For Cigna, a health insurance and benefits provider based in Philadelphia, the biggest security issue isn’t necessarily neutralizing the virus du jour or fending off shadowy mobster-hackers—it’s sifting through mountains of data.
“Sometimes we get overwhelmed because of all the information that comes out of the devices we’re monitoring,” says Craig Shumard, Cigna’s chief information security officer. “It’s data overload.”
Cigna, which had $18.1 billion in 2004 sales, employs about 100 people in its information security management unit. Still, the company has for the past five years outsourced security event monitoring to Symantec, which looks at trends and detects when coordinated attacks are being mounted against Cigna systems or networks.
Shumard’s challenge is finding folks who have the expertise to understand and analyze security data. “It’s very difficult to attract and retain people in that field, because it’s very specialized,” he says. “It’s hard, even for a company our size, to do a good job 24/7.”
Getting a 30,000-foot view of information security is tough, especially when trying to gather metrics from different vendors’ systems. But many security managers believe that dealing with multiple suppliers is simply a fact of life.
“It’s easier to maintain a relationship with one vendor instead of 10,” says Mike Howell, an information-technology security consultant at health maintenance organization Humana. “But you’re not going to find somebody who can do antivirus and firewalls and intrusion detection all better than anyone else.”
The problem is, many information-security vendors have solely focused on their own little niche and haven’t done a good job of delivering products that provide a holistic view of security conditions across the enterprise, says Eric F. Guerrino, senior vice president of information security for The Bank of New York.
“A lot of the vendors don’t realize that the technology itself isn’t the whole solution,” Guerrino says, though he declines to name specific companies. “Some of these products really do a good job at their primary focus, but the administration of the products sometimes falls short.”
For example, he says, intrusion prevention systems are great at providing alerts, but his team still needs to figure out what extra steps to take, such as reconfiguring a firewall, to counter threats.
meanwhile, the threat of financial loss from malicious attacks has continued to climb. The average annual loss attributable to attacks that resulted in the theft of proprietary data in 2004 was more than $355,000, according to the annual Computer Security Institute/FBI Computer Crime and Security Survey; in 2003, the figure was $169,000.
Gartner analyst John Pescatore says he’s seen a rise in more financially damaging security incidents aimed at an individual company, involving extortionists or disgruntled workers—for example, stealing employees’ account numbers to make fraudulent purchases.
The danger is that such targeted attacks often happen below the radar and don’t get much publicity. “I can’t scare the CEO with that,” Pescatore says. “Worms make it easy to get money for security because it’s on the front page of the newspaper.”
At the same time, the viruses and other junk on the wire are morphing into more virulent strains. Information-security executives say they’re seeing an uptick in viruses and worms that can clog networks or disable computers.

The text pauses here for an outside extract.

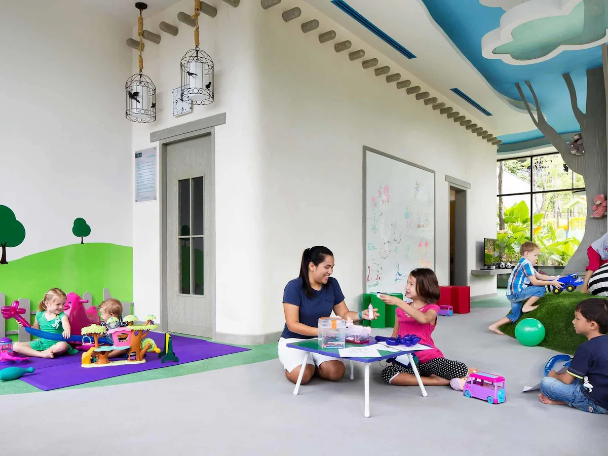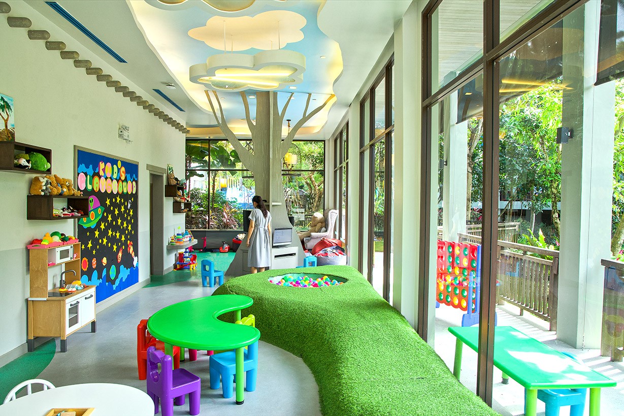 This spacious kids club includes and indoor and outdoor space. Indoors enjoys floor to ceiling windows that wrap around the kids club, allowing for plenty of natural light. The central tree is home to televisions, while there are clouds painted on the ceiling. The shelves are overflowing with toys and games, there is a ball pool, mini toy kitchen for creative play, and a fooseball table. There is children's colourful tables and chairs used for playing board games, reading, and arts and crafts. Heading outdoors, you find a mini playground with small climbing frame with slides, surrounded by lush trees and greenery. There is also an outdoor sand pit and mini table tennis.
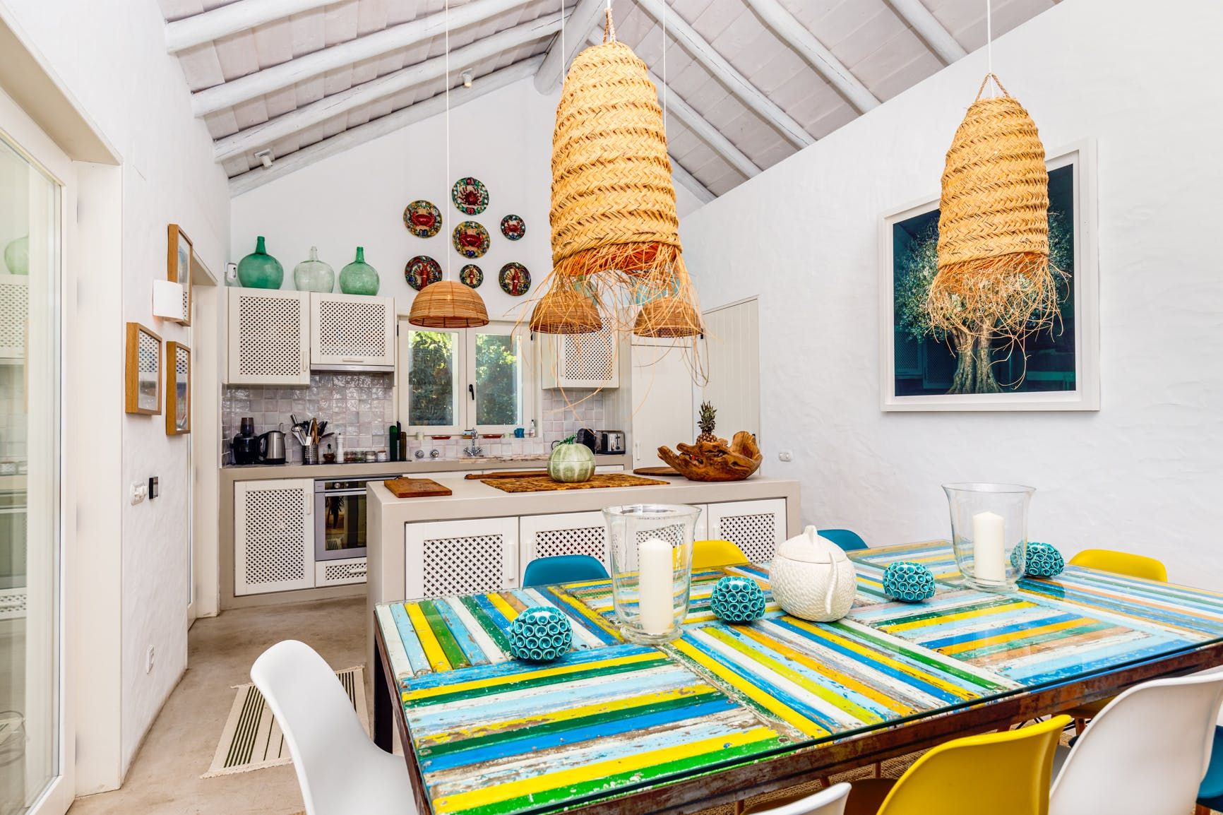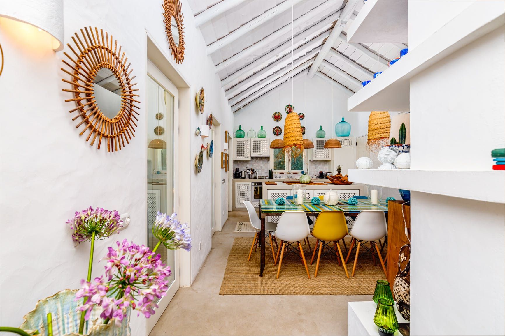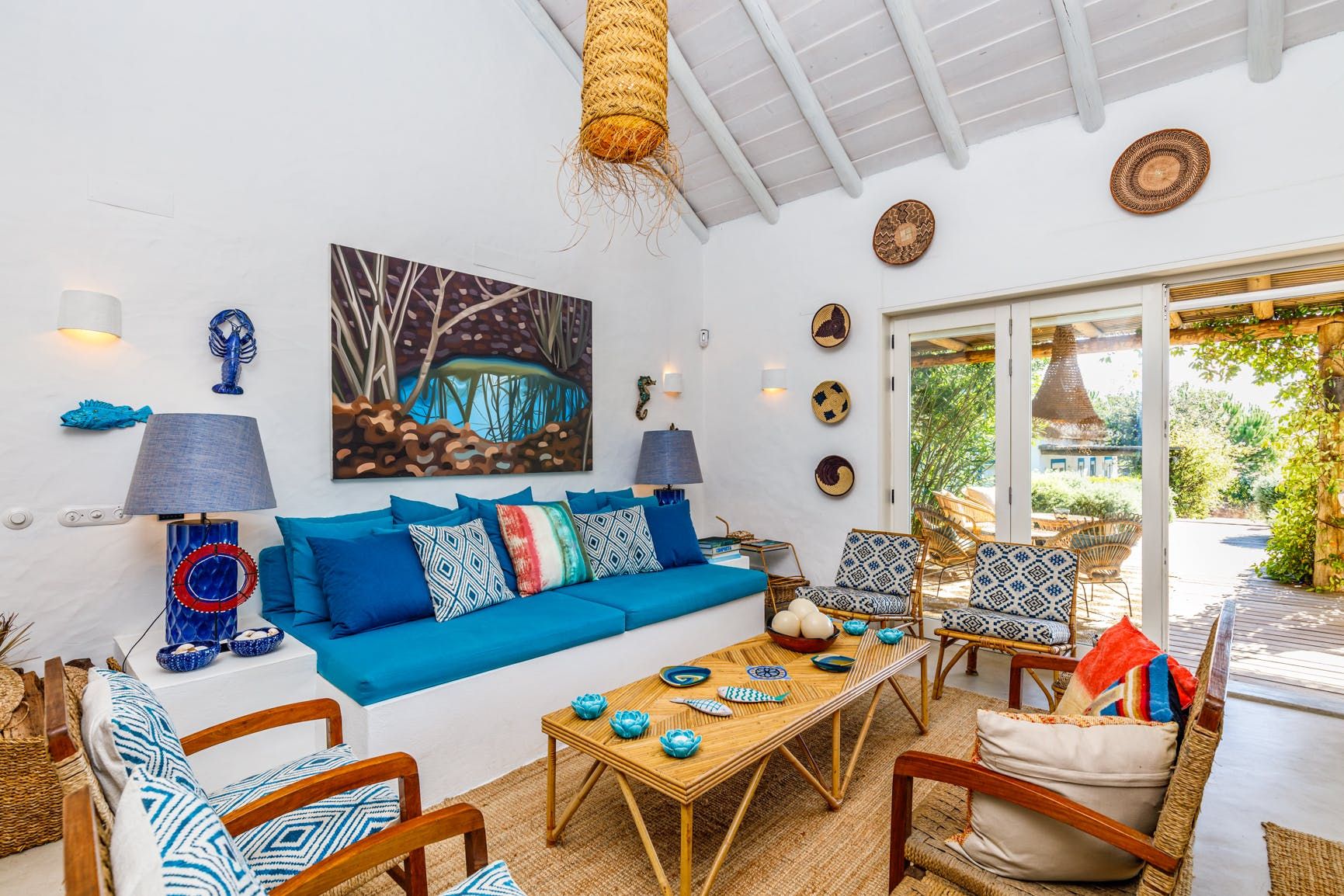 In the beautiful village of Comporta, among the sandy beaches and grass-topped dunes, the stripey green rice fields and yellow carpets of flowers, this home offers a secluded retreat on Portugal's west coast. The exterior is classic Comporta, with woven roofs and a laid-back cabana-style.

The most pernicious new threats are “multi-headed” ones that automatically attempt to exploit multiple vulnerabilities simultaneously, says Stan Gatewood, chief information security officer for the University of Georgia. “These aren’t plain old hackers sitting in an easy chair,” he says.
Some may be tempted to pin the blame for the rising tide of viruses, worms and spyware on Microsoft. Holes in its operating systems have allowed hackers halfway across the world to wreak havoc with a single, targeted piece of self-replicating code.

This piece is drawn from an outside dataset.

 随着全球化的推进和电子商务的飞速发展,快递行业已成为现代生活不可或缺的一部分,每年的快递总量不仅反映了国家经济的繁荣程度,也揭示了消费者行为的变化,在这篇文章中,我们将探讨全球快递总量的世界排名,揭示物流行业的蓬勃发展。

“It’s been a continuing frustration with Microsoft,” says Matt Speare, chief information security officer for M&T Bank, which is based in Buffalo, N.Y. But he also realizes that Microsoft’s software is targeted because it’s so ubiquitous. “If I were writing a virus, the return on my time to write an exploit for Windows is higher,” Speare says.
A Microsoft spokesman says the company has increased its focus on minimizing security problems and fixing flaws but adds, “The important thing to remember is that no software is 100% secure.” That means, then, that computers will need to be loaded with additional security software for the foreseeable future.
That extra overhead can be significant: Security agents, including antivirus, anti-spyware and personal firewalls, can consume up to 30% of the processing capacity on a single computer, says Lynda Fleury, chief information security officer at UnumProvident, a disability insurance company.
“The next thing that we want vendors to work on is bundling [multiple security enforcement features] into one product,” Fleury says. “The big push for me is having these tools be agentless.”
But security technologies and systems are only effective if the people using them know the drill. Health insurance company Aetna, for one, has required employees to complete security awareness training every year since 1999.
“It’s just good risk management,” says security adviser Donna Richmond, who oversees the training program.
Aetna’s training includes perennial guidelines (such as how to create a strong password) plus new procedures; for example, this year the company started requiring employees to encrypt any health or financial information when transmitting it electronically. Richmond’s group starts shepherding 30,000 employees through the training process in early September and aims to achieve 100% compliance by Dec. 31.
For Richmond, it’s a key part of the information security loop. “If you have a rule, you have to let people know about the rule,” she says. “And then you have to monitor their behavior.”